从非常大的对列表中提取单链接簇

Extract single linkage clusters from very large pairs list

我有一个非常大的配对列表,我需要将其分解为单个链接社区。到目前为止,我已经能够完全在 R 中完成这项工作了。但我需要为整个列表可能太大而无法保存在内存中或 igraph 的 R 实现无法处理的情况做好准备。此任务的一个非常简单的版本如下所示:

library(igraph)
df <- data.frame("p1" = c("a", "a", "d", "d"),
                 "p2" = c("b", "c", "e", "f"),
                 "val" = c(0.5, 0.75, 0.25, 0.35))
g <- graph_from_data_frame(d = df,
                           directed = FALSE)

sg <- groups(components(g))
sg <- sapply(sg,
             function(x) induced_subgraph(graph = g,
                                          vids = x),
             USE.NAMES = FALSE,
             simplify = FALSE)

如果 df 非常大 - 在数亿到数百亿行的规模上,有没有办法让我提取 sg 的各个位置而无需构建g 完整吗?对我来说,将 df 的表示作为压缩的 txt 文件或 sqlite 数据库存储在 R 之外相对容易。

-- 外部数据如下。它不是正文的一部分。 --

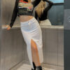 Volver al shopPollera larga, gabardina color negro, rígida, con tajo central en el delantero.

解决 igraph 的 R 实现问题(假设数据集仍可保存在 RAM 中,否则请参阅@Paul Brodersen 的回答):

下面的解决方案通过指定图形的一个元素然后遍历所有连接直到找不到更多边来工作。因此它创建子图而不构建整个图。与递归函数相比,它看起来有点老套,但扩展性更好。

library(igraph)    
reduce_graph <- function(df, element) {
        stop = F
        elements_to_inspect <- element
        rows_graph <-0
        while(stop ==F) {
            graph_parts <- df[df$p1 %in% elements_to_inspect | 
                                  df$p2 %in% elements_to_inspect,]
            elements_to_inspect <- unique(c(unique(graph_parts$p1), 
                                            unique(graph_parts$p2)))
            if(dim(graph_parts)[1] == rows_graph) {
                stop <-TRUE
            } else {
                rows_graph <- dim(graph_parts)[1]
            }
        }
        return(graph_parts)
    }

df <- data.frame("p1" = c("a", "a", "d", "d","o"),
                 "p2" = c("b", "c", "e", "f","u"),
                 "val" = c(100, 0.75, 0.25, 0.35,1))

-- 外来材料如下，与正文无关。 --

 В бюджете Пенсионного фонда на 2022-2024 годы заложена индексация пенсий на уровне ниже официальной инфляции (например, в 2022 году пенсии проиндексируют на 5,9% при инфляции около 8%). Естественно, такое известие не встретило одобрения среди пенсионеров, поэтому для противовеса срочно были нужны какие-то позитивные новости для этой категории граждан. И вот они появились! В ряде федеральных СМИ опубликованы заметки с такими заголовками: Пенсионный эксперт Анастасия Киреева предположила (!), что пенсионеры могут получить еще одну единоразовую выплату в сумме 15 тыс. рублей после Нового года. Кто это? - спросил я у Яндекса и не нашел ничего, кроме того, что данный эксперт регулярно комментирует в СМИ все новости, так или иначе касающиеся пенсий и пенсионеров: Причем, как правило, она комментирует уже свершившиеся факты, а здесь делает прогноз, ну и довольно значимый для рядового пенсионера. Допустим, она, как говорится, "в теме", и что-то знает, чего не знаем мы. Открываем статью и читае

small_graph <- reduce_graph(df, "f")
g <- graph_from_data_frame(d = small_graph,
                           directed = FALSE)

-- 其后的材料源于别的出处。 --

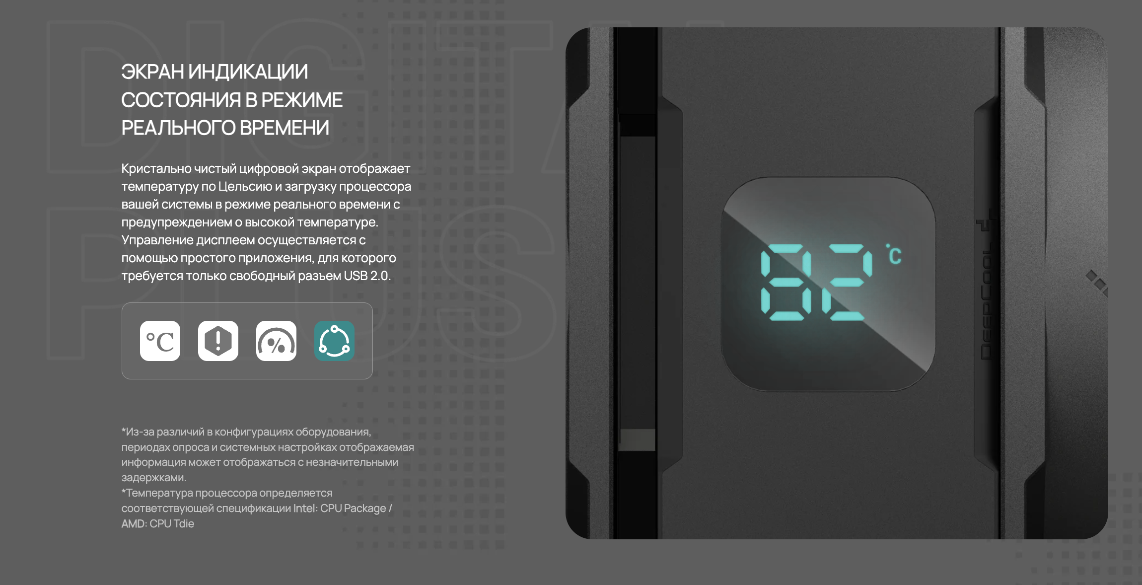 Наступила эра цифровых кулеров и DeepCool желает быть во главе популяризации этого. Все, что вам нравилось в AG400 PLUS, но теперь и с изящным низкопрофильным дисплеем индикации состояния.

sg <- groups(components(g))
sg <- sapply(sg,
             function(x) induced_subgraph(graph = g,
                                          vids = x),
             USE.NAMES = FALSE,
             simplify = FALSE)

可以在更大的数据集上测试速度。

##larger dataset with lots of sparse graphs.
set.seed(100)
p1 <- as.character(sample(1:10000000, 1000000, replace=T))
p2 <- as.character(sample(1:10000000, 1000000, replace=T))
val <- rep(1, 1000000)
df <- data.frame("p1" = p1,
                 "p2" = p2,
                 "val" = val)

small_graph <- reduce_graph(df, "9420672") #has 3 pairwise connections
g <- graph_from_data_frame(d = small_graph,
                           directed = FALSE)

sg <- groups(components(g))
sg <- sapply(sg,
             function(x) induced_subgraph(graph = g,
                                          vids = x),
             USE.NAMES = FALSE,
             simplify = FALSE)

构建组和子图需要一秒钟,而在我的机器上构建整个图需要几分钟。这当然取决于图的稀疏连接程度。